Farm Contractors Ireland (FCI) has insisted that its members’ tractors should be exempt from the planned NCT-style testing of tractors.

As revealed by the Irish Farmers Journal on Friday, proposed rules for the new tractor testing regime would see farmers’ tractors exempt but contractors’ tractors caught in the net for testing.

FCI has outlined why it believes agricultural contractors’ machines should be exempt from testing.

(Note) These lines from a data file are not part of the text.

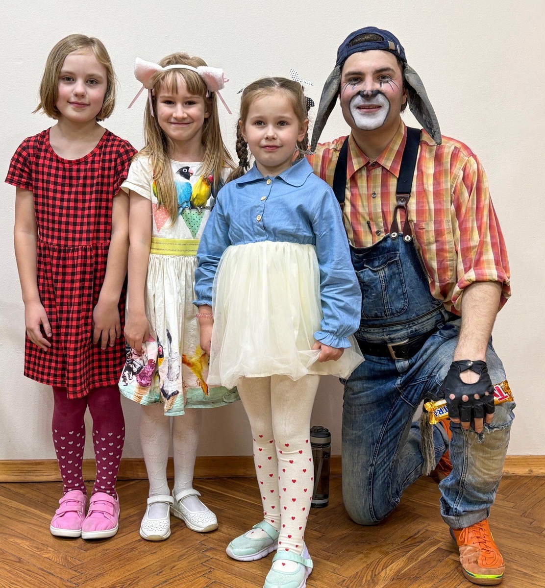 После спектакля БРЕМЕНСКИЕ МУЗЫКАНТЫ. Юные постоянные поклонницы со сказочными персонажами.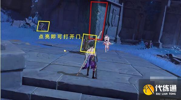 1、首先我们前往图中所示位置,到图书馆完成两个挑战,再激活雷元素方碑机关,即可打开后门。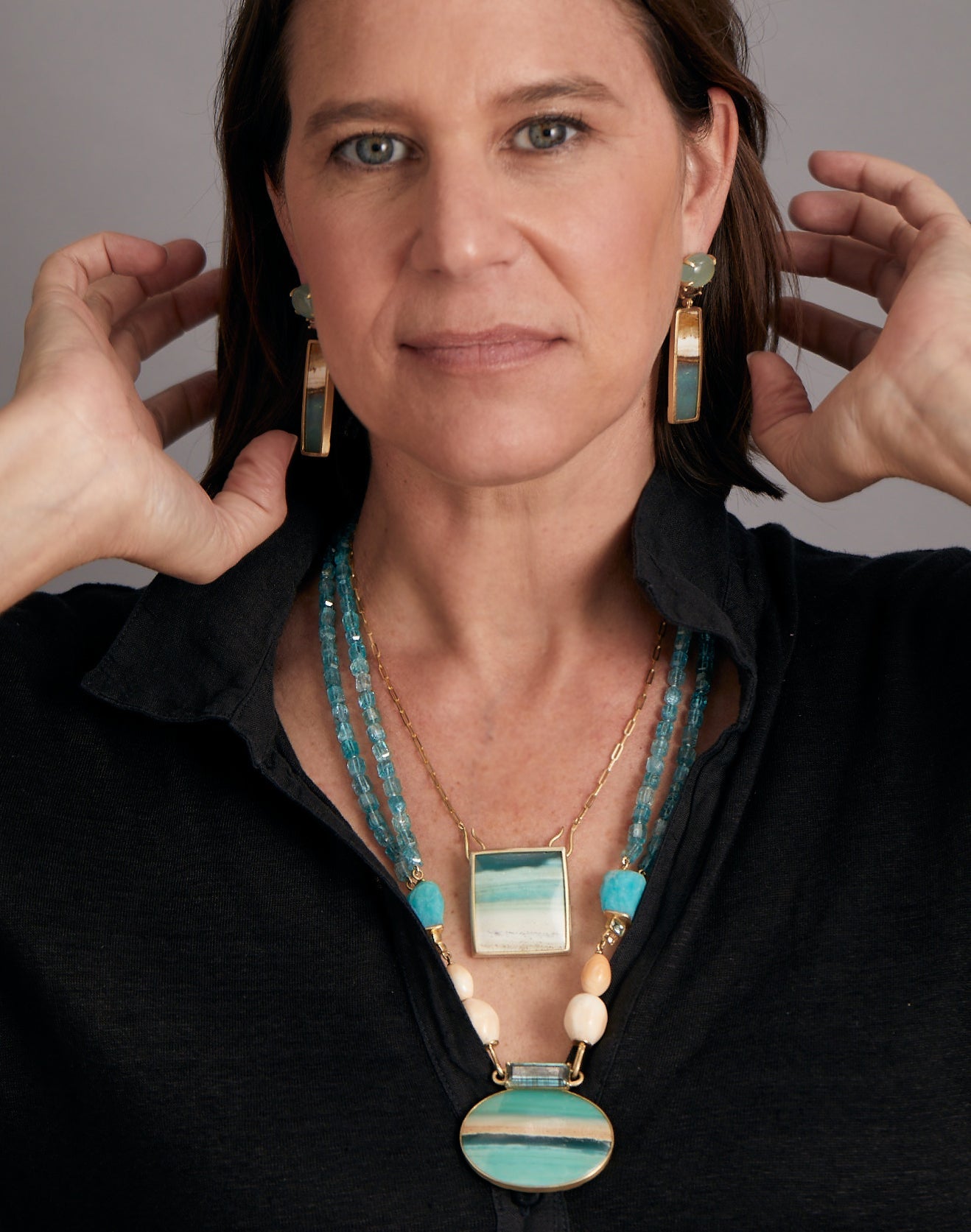 Style Notes: These Landscape: Ocean, Coastal Earrings by Daria de Koning shimmer with the clarity of sea and sun. Aquamarine and sunstone recall warm shallows, while the translucent blues of petrified opalized wood whisper of lost coral forests. A piece that invites calm and wonder.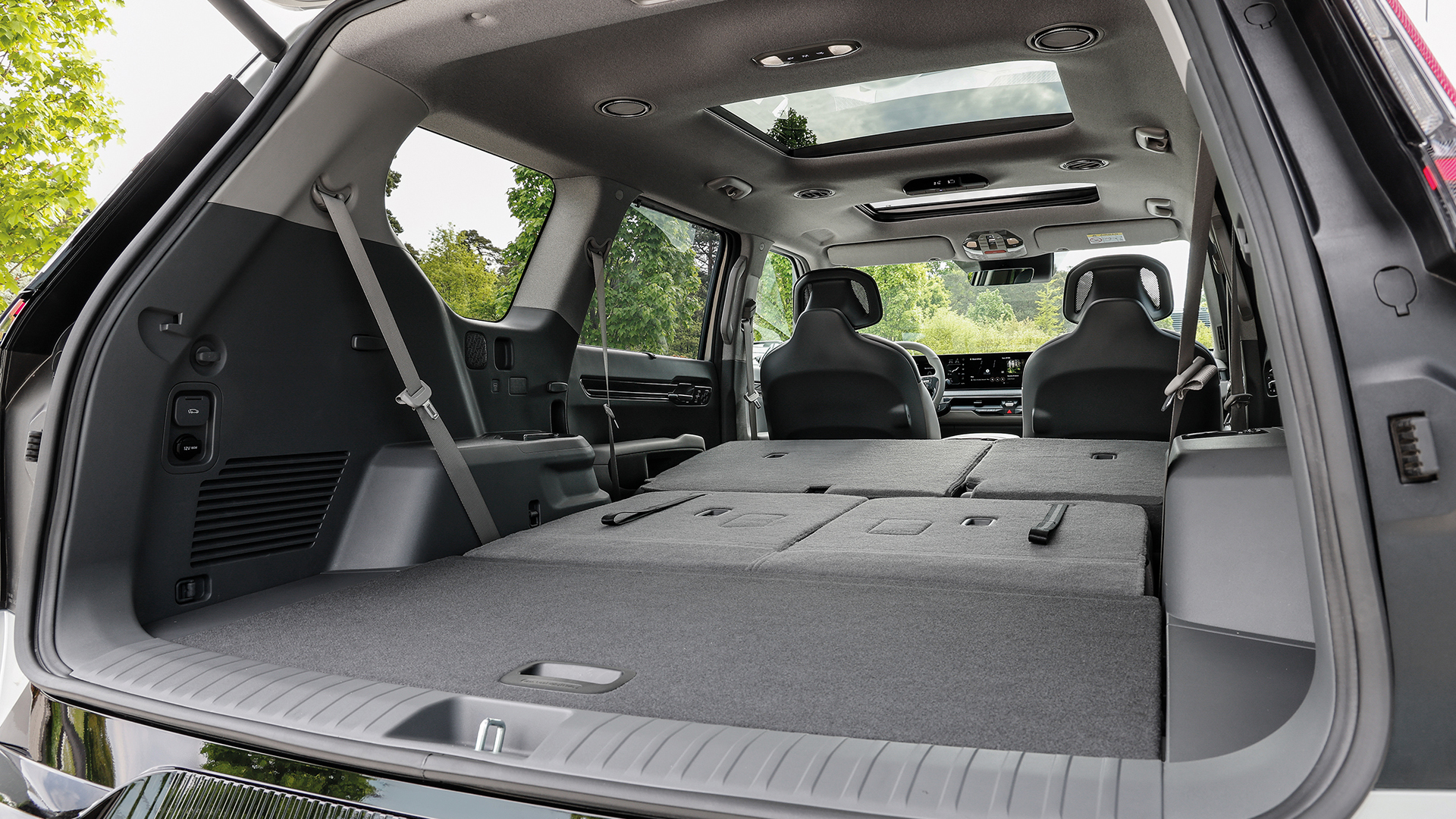 O espaço é uma premissa fundamental do EV9, com sete lugares a bordo (a Kia irá oferecer uma versão GT-Line com seis lugares – removendo o lugar central da segunda fila – apenas por encomenda). A capacidade da bagageira varia entre os 333 litros com os sete lugares operacionais, os 828 litros com cinco lugares e os 2393 litros com o rebatimento dos bancos das segunda e terceira filas. Na dianteira, a bagageira oferece 90 litros no caso do First Edition e um pouco menos na versão GT-Line (52 litros) devido aos constrangimentos técnicos da versão com tração integral (AWD).

It said work of land-based agricultural contractors in Ireland is very clear, as the work activity:

  • is carried out by a person engaged in an agricultural, horticultural, forestry, farming or fisheries undertaking;
  • is for the purpose only of that agricultural, horticultural, forestry, farming or fisheries undertaking;
  • and

  • is ancillary to, as the case may be, the agricultural, horticultural, forestry, farming or fisheries activities of that undertaking.
  • Contractors’ tractors should be exempt from testing

    FCI insisted that contractors’ tractors should be exempt from testing as they are not haulage tractors.

    They are used solely for the transport and transfer of agricultural crops from the field to the farm, farm waste from the farmyard to the field and other agricultural activity.

    Contractors should not be further penalised compared to farming tractor users, the FCI added.

    Further meetings are expected between the farming and contractor associations and the Department of Transport in the coming fortnight.